The party, which contested 16 seats this time, saw its vote share rise to 16.68 percent, up from 13 percent in 2019 when it contested in 15 seats, according to the Election Commission (EC) data.

Notably, the BJP garnered the most votes in 11 assembly constituencies — five in Thiruvananthapuram (Nemom, Kazhakkoottam, Vattiyurkavu, Attingal, and Kattakkada) and six in Thrissur (Thrissur, Ollur, Natika, Irinjalakkuda, Puthukad, and Manalur).

This surge has impacted both the Left Democratic Front (LDF) and the United Democratic Front (UDF) in Kerala. While the Congress-led UDF repeated its 2019 victory by winning 18 of the 20 seats, its vote share decreased to 35.06 percent this year from 37.64 percent in 2019. Similarly, the vote share of the Communist Party of India (Marxist) slipped marginally to 25.82 percent from 25.97 percent in 2019.

P.J. Vincent, a political analyst and head of the Postgraduate Department of History at Government Arts & Science College, Kozhikode, said: “There is a visible shift from bipolar to a tripolar polity one in Kerala.” 

He added that while part of Suresh Gopi’s Thrissur victory can be attributed to his influence as an actor-philanthropist, a lot of the votes were political too, which is visible in the rise of the BJP’s vote share in many other constituencies.

For the BJP, “this is a significant milestone in Kerala’s history”, said Vincent. 

K.S. Radhakrishnan, the party’s state vice-president, told ThePrint that both fronts (LDF and UDF) said the lotus would never bloom in Kerala and the BJP would be wiped out. “But our vote share is nearing 20 percent.” 

Attributing the results to the Modi factor, the hard work of the party cadres and the candidates’ influence, Radhakrishnan said the party has already started preparing for the 2025 local body and 2026 assembly elections.
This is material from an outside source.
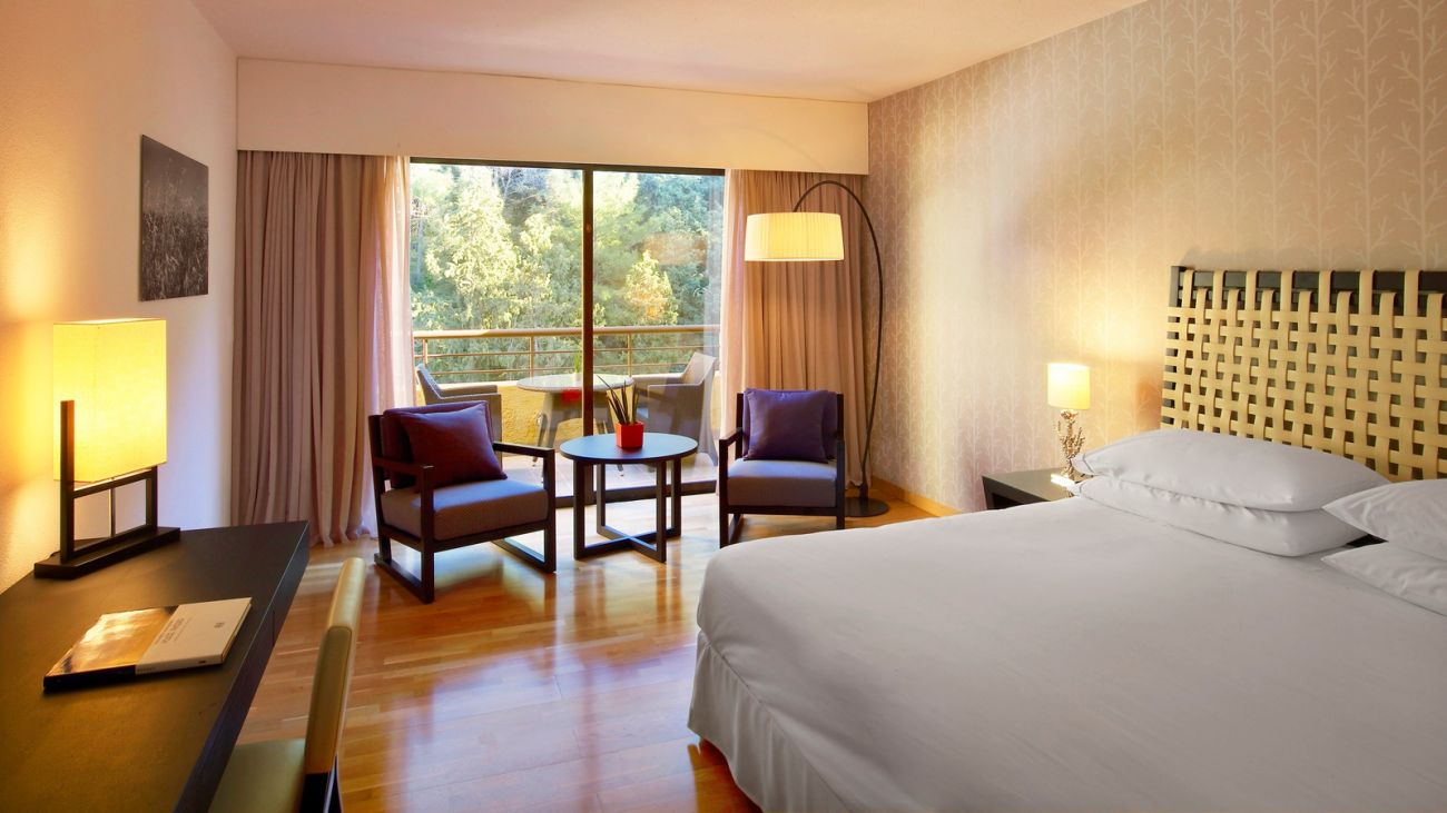 401 стаи. Всички климатизирани стаи в хотелски комплекс Resort Sheraton Rhodes разполагат с обзаведен балкон, с изглед към Егейско море или планините и градините. Всяко помещение за настаняване е оборудвано с LCD телевизор със сателитни програми и хладилник. Мраморните бани са с халати и луксозни тоалетни принадлежности.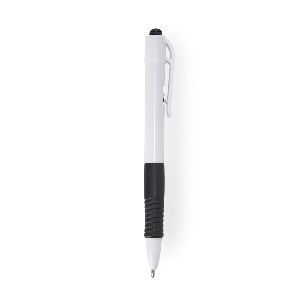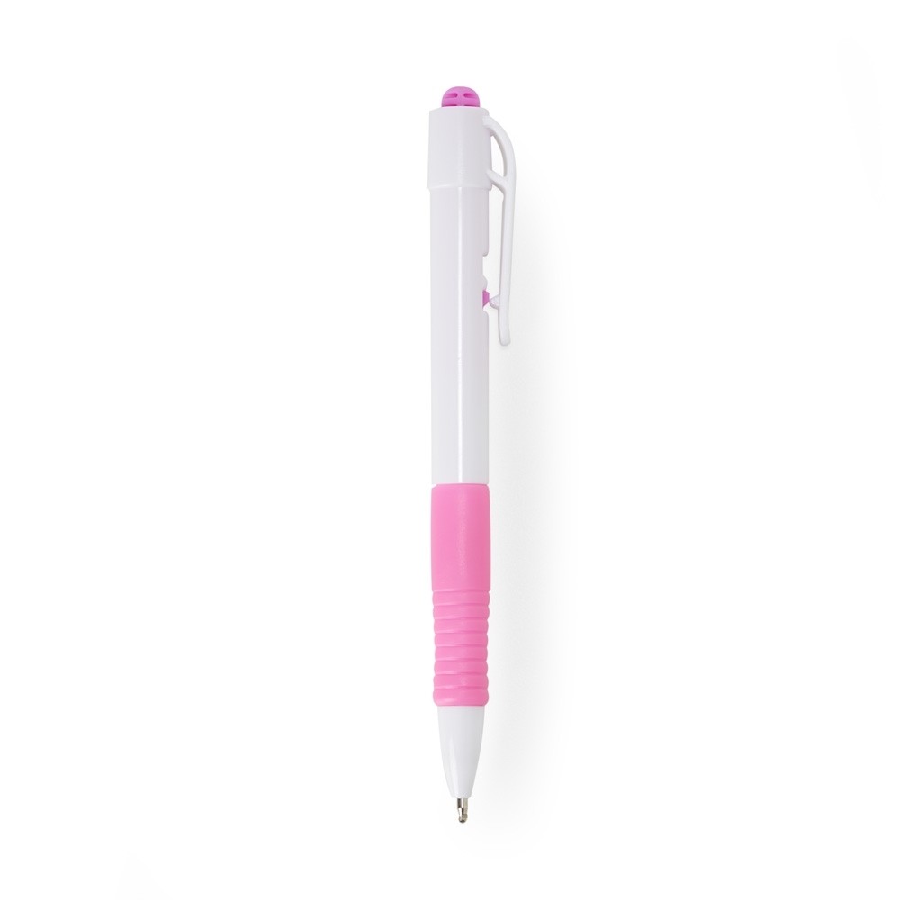 Caneta plástica com detalhe emborrachado, carga esferográfica azul 1.0 mm e acionamento por clique.

Also Read: Memes, myth-busting & a lot of cheek — X handle of Congress’s Kerala unit rakes in laughs & followers


Performance in key constituencies

According to EC data, the BJP improved its vote share in four out of five key constituencies — Thrissur, Thiruvananthapuram, Attingal, Pathanamthitta and Palakkad — compared to 2019. Prime Minister Narendra Modi personally campaigned in these areas.

In Thrissur, Suresh Gopi’s vote share increased to 37.80 percent this year from 28.19 percent in 2019. Gopi secured a victory with a margin of over 70,000 votes. 

The Congress suffered a significant loss as its vote share in the seat dropped to 30.08 percent this year from 39.83 percent in 2019. While in 2019 the Congress candidate T.N. Prathapan won the seat with over 4 lakh votes, this year, the party’s candidate K. Muraleedharan finished third, receiving 3,28,124 votes. 

Meanwhile, the LDF’s V. S. Sunil Kumar increased the party’s votes in the Thrissur seat marginally to 3.37 lakh from 3.21 lakh secured in 2019.

In Thiruvananthapuram, where the BJP finished second after a close race, Rajeev Chandrasekhar raised the party’s vote share to 35.5 percent this year from 31.30 percent in 2019

Here too, winning Congress candidate Shashi Tharoor’s vote share, which was 41.19 percent in 2019, dipped to 37.19 percent. However, the LDF’s votes saw a small increase to 25.72 percent from 25.60 percent in 2019.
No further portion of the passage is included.